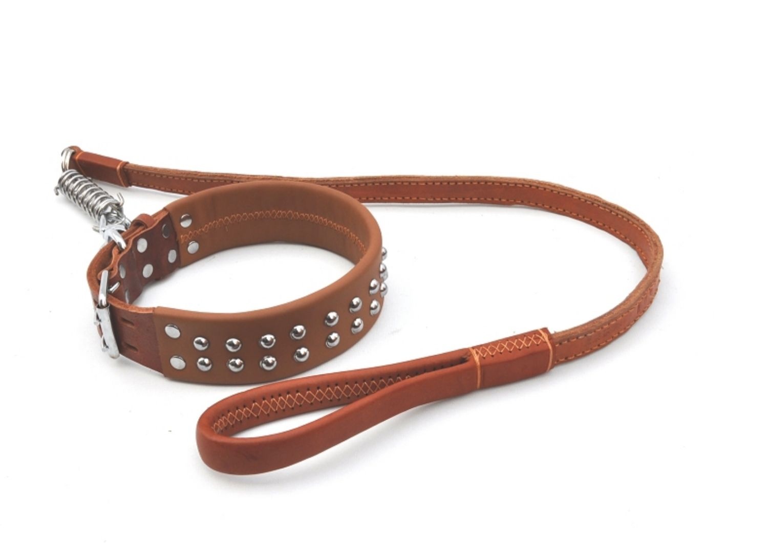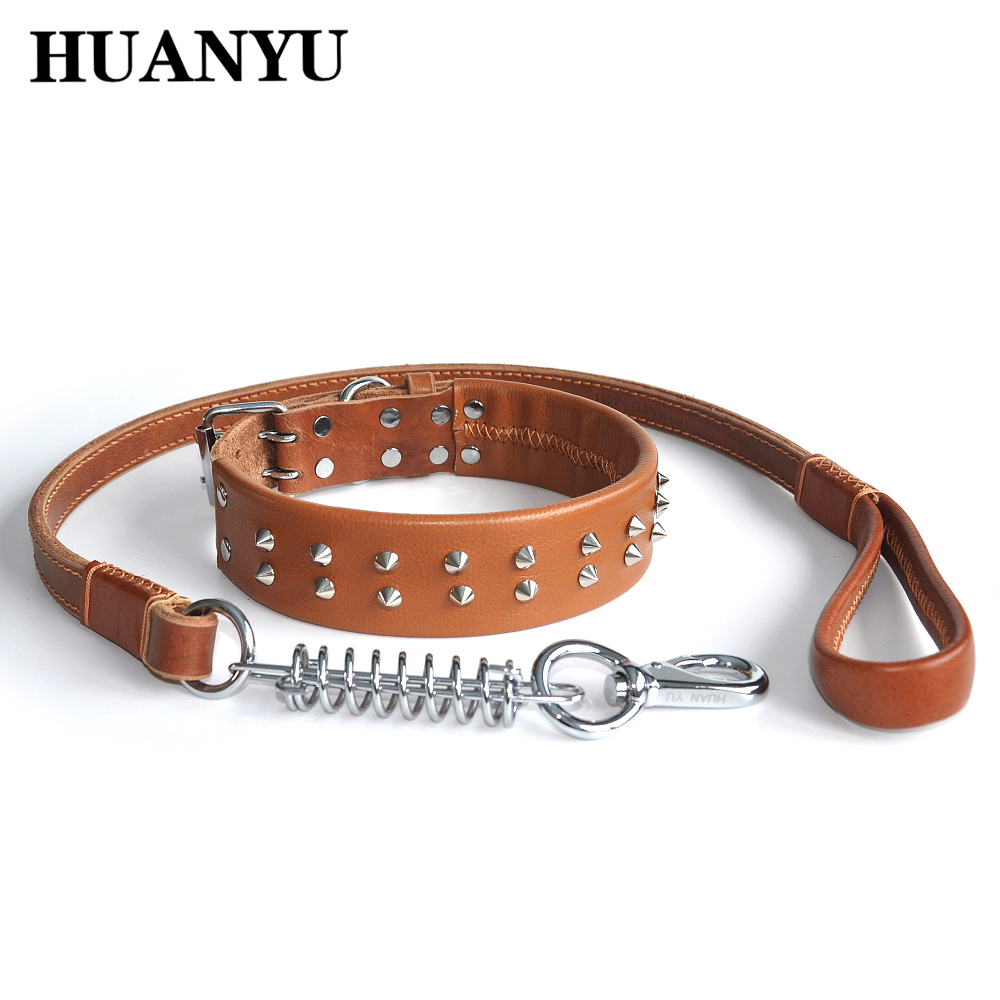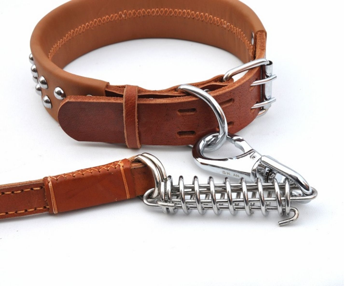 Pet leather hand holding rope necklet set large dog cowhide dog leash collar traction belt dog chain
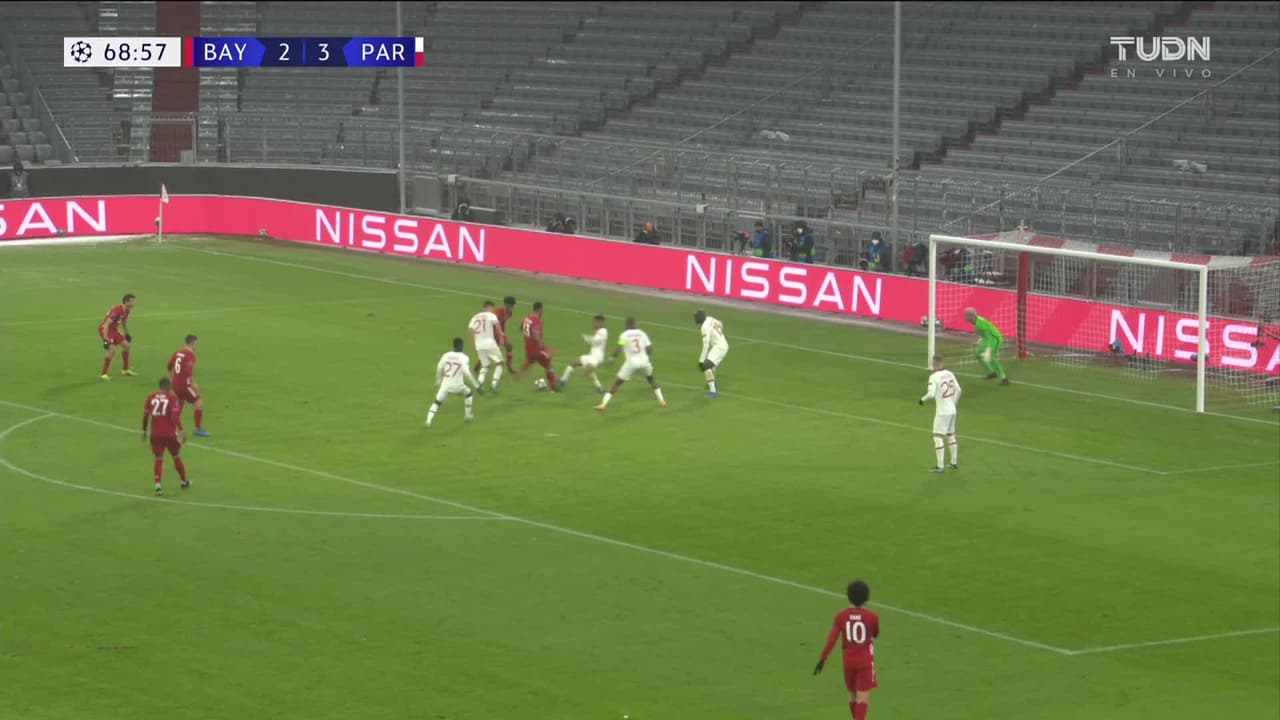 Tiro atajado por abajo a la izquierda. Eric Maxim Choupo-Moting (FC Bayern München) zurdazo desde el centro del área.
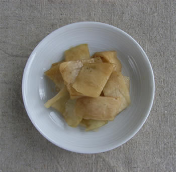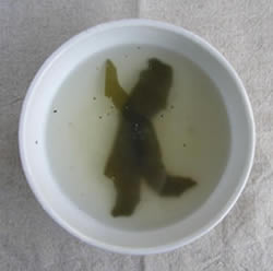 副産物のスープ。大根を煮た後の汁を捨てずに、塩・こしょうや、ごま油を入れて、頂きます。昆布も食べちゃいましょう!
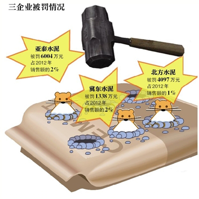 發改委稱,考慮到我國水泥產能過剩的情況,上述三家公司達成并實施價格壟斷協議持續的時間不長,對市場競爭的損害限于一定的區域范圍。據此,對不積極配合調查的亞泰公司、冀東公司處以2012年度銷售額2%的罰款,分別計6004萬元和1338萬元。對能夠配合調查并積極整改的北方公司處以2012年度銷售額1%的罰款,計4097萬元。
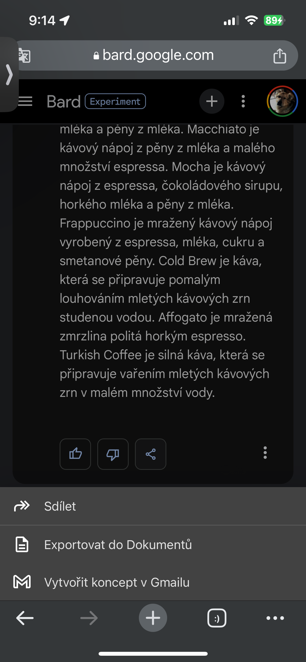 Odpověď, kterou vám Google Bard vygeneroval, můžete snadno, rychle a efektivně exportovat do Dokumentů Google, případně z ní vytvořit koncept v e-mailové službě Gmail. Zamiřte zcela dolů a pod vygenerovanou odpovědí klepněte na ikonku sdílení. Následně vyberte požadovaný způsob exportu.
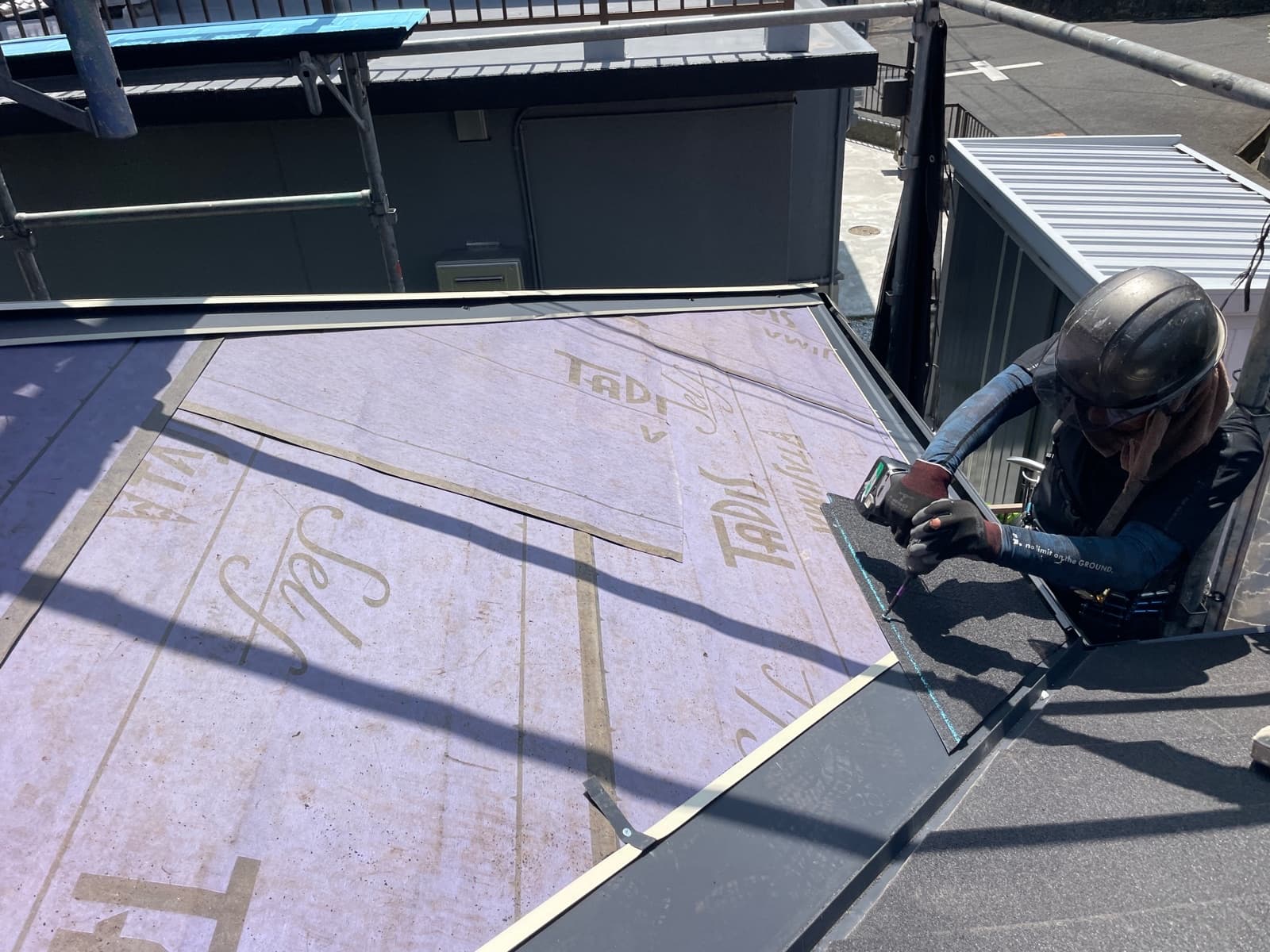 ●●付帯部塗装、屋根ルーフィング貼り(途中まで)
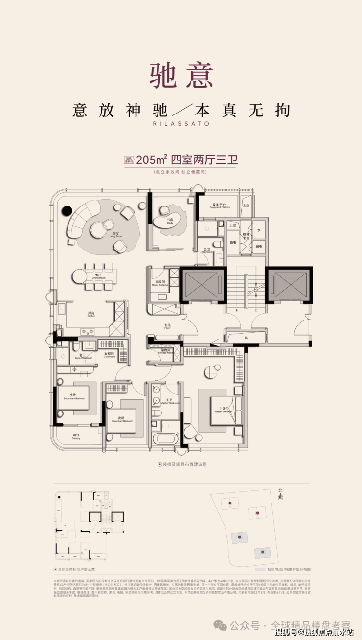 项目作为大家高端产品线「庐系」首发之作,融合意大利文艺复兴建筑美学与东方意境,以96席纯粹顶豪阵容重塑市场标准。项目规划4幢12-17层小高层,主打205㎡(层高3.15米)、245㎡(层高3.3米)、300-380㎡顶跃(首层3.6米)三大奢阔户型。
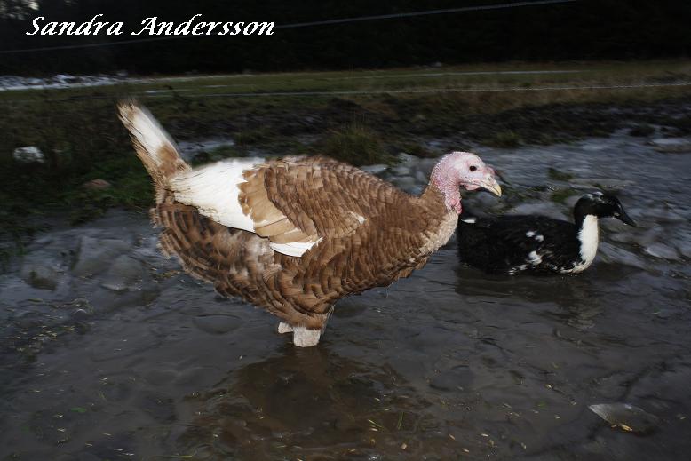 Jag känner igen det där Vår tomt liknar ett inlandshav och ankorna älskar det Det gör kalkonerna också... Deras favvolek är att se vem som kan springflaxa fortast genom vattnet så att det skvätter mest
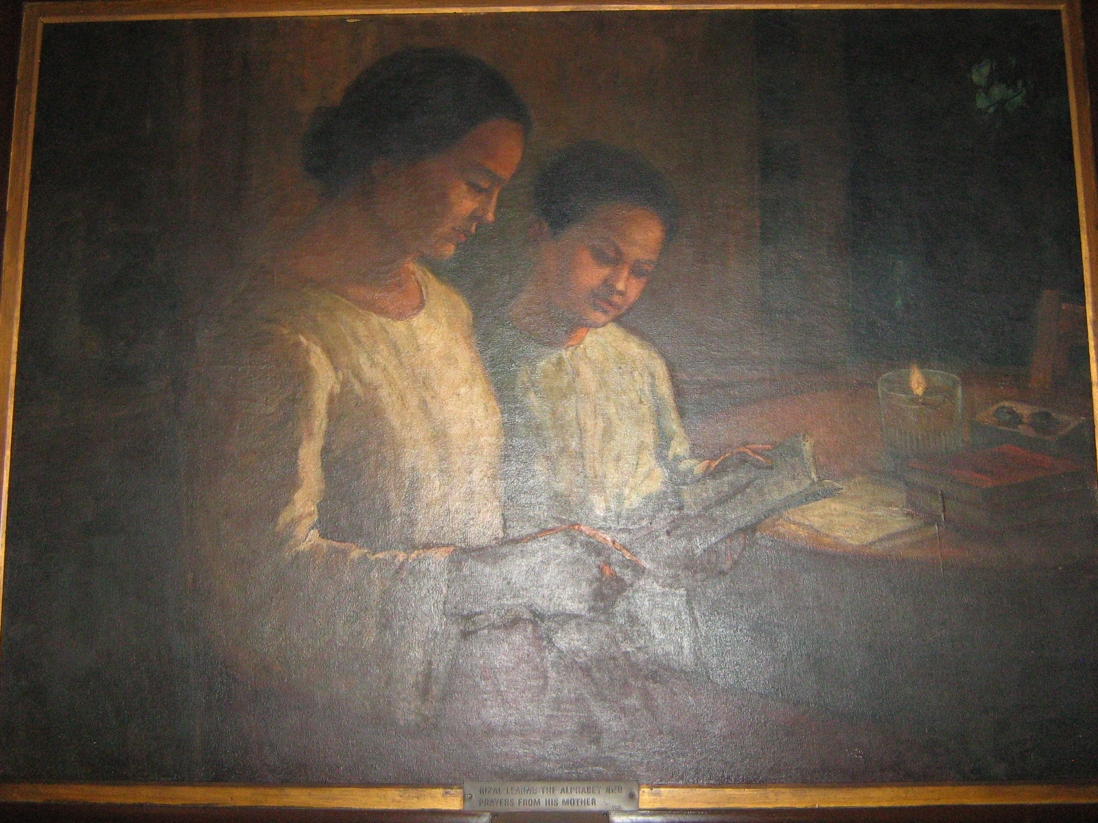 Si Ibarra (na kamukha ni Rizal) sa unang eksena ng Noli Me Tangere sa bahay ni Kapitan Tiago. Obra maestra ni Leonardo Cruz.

··········

Instructions to follow |
All of the entries, apart from the pictures, must be returned exactly.

Exercise result |
 Pet leather hand holding rope necklet set large dog cowhide dog leash collar traction belt dog chain
 Tiro atajado por abajo a la izquierda. Eric Maxim Choupo-Moting (FC Bayern München) zurdazo desde el centro del área.
 副産物のスープ。大根を煮た後の汁を捨てずに、塩・こしょうや、ごま油を入れて、頂きます。昆布も食べちゃいましょう!
 發改委稱,考慮到我國水泥產能過剩的情況,上述三家公司達成并實施價格壟斷協議持續的時間不長,對市場競爭的損害限于一定的區域范圍。據此,對不積極配合調查的亞泰公司、冀東公司處以2012年度銷售額2%的罰款,分別計6004萬元和1338萬元。對能夠配合調查并積極整改的北方公司處以2012年度銷售額1%的罰款,計4097萬元。
 Odpověď, kterou vám Google Bard vygeneroval, můžete snadno, rychle a efektivně exportovat do Dokumentů Google, případně z ní vytvořit koncept v e-mailové službě Gmail. Zamiřte zcela dolů a pod vygenerovanou odpovědí klepněte na ikonku sdílení. Následně vyberte požadovaný způsob exportu.
 ●●付帯部塗装、屋根ルーフィング貼り(途中まで)
 项目作为大家高端产品线「庐系」首发之作,融合意大利文艺复兴建筑美学与东方意境,以96席纯粹顶豪阵容重塑市场标准。项目规划4幢12-17层小高层,主打205㎡(层高3.15米)、245㎡(层高3.3米)、300-380㎡顶跃(首层3.6米)三大奢阔户型。
 Jag känner igen det där Vår tomt liknar ett inlandshav och ankorna älskar det Det gör kalkonerna också... Deras favvolek är att se vem som kan springflaxa fortast genom vattnet så att det skvätter mest
 Si Ibarra (na kamukha ni Rizal) sa unang eksena ng Noli Me Tangere sa bahay ni Kapitan Tiago. Obra maestra ni Leonardo Cruz.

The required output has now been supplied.